The Independent disagrees with the junior doctors’ tactics. Going on strike within days of a general election is a political act. Worse than that, it is futile. It puts pressure neither on the outgoing government nor, directly, on the incoming one. It is purely for show. It is unnecessary, and it undermines public support for the junior doctors’ justified cause.

Equally, we support Sir Keir’s firm line in refusing the union’s maximalist demand. He is quite right to say that the union knows perfectly well that it is not going to secure its opening bid. However, it seems likely that a Labour government will have to find a small amount of extra money to settle a dispute that so blighted the final months of the Conservative administration. The union knows that perfectly well, too, and may be tempted to push its luck in the negotiations that will follow the election.

It knows that the pressure on Sir Keir and Wes Streeting, the likely new health secretary, to settle the dispute will be intense. The Covid backlogs are a national emergency, exacerbated not just by strikes but by the recent cyber attack on London hospitals.
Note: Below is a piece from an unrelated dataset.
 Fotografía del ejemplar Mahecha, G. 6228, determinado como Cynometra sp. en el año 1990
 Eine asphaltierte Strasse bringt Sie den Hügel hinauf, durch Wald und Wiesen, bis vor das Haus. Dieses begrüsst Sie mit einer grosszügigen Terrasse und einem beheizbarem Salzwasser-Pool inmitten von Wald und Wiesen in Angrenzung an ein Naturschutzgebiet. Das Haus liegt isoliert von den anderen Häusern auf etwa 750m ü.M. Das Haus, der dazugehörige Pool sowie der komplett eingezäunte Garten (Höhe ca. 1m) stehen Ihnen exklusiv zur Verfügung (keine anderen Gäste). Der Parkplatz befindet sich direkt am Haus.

A new government will be under siege, with crises pressing in from all sides: the small boats; overcrowded prisons; and local councils, universities and water companies all running out of money at the same time.

All of which makes it more important that Sir Keir stands his ground and drives a fair bargain with the junior doctors. He was only a teenager at the time, but historians can remind him how significant and disastrous it was when Margaret Thatcher came to office in 1979 and immediately agreed a big pay rise for public sector workers. That triggered another round of inflation and caused greater economic pain later.
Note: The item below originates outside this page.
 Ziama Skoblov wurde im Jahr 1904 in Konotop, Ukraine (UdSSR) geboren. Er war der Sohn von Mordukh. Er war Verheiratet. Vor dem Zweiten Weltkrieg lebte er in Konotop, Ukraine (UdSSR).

Fortunately, Sir Keir seems well aware of the dangers of setting off a chain reaction of public sector pay claims beyond the junior doctors. He, Mr Streeting and Rachel Reeves, the likely chancellor, seem prepared to grasp the nettle of keeping pay settlements within reasonable bounds. They are all aware of the danger that escalating pay would pose to the fragile finances of a new government.

More than that, Mr Streeting understands the need for reform in the NHS, and he has given some serious thought to it while a succession of more or less hapless Conservative secretaries of state have been bumping from one crisis to another.

If he is to have a chance of driving through some of the transformational policies that could make a difference in the next parliament, he cannot afford to lose control of NHS pay.

This may seem a harsh message for NHS workers to have to hear, after so many years of low pay, hard work and often poor management, but it is in their interests in the longer run that the health services’ finances are sustainable. Sir Keir is right to make it clear that big increases in public spending are not in prospect.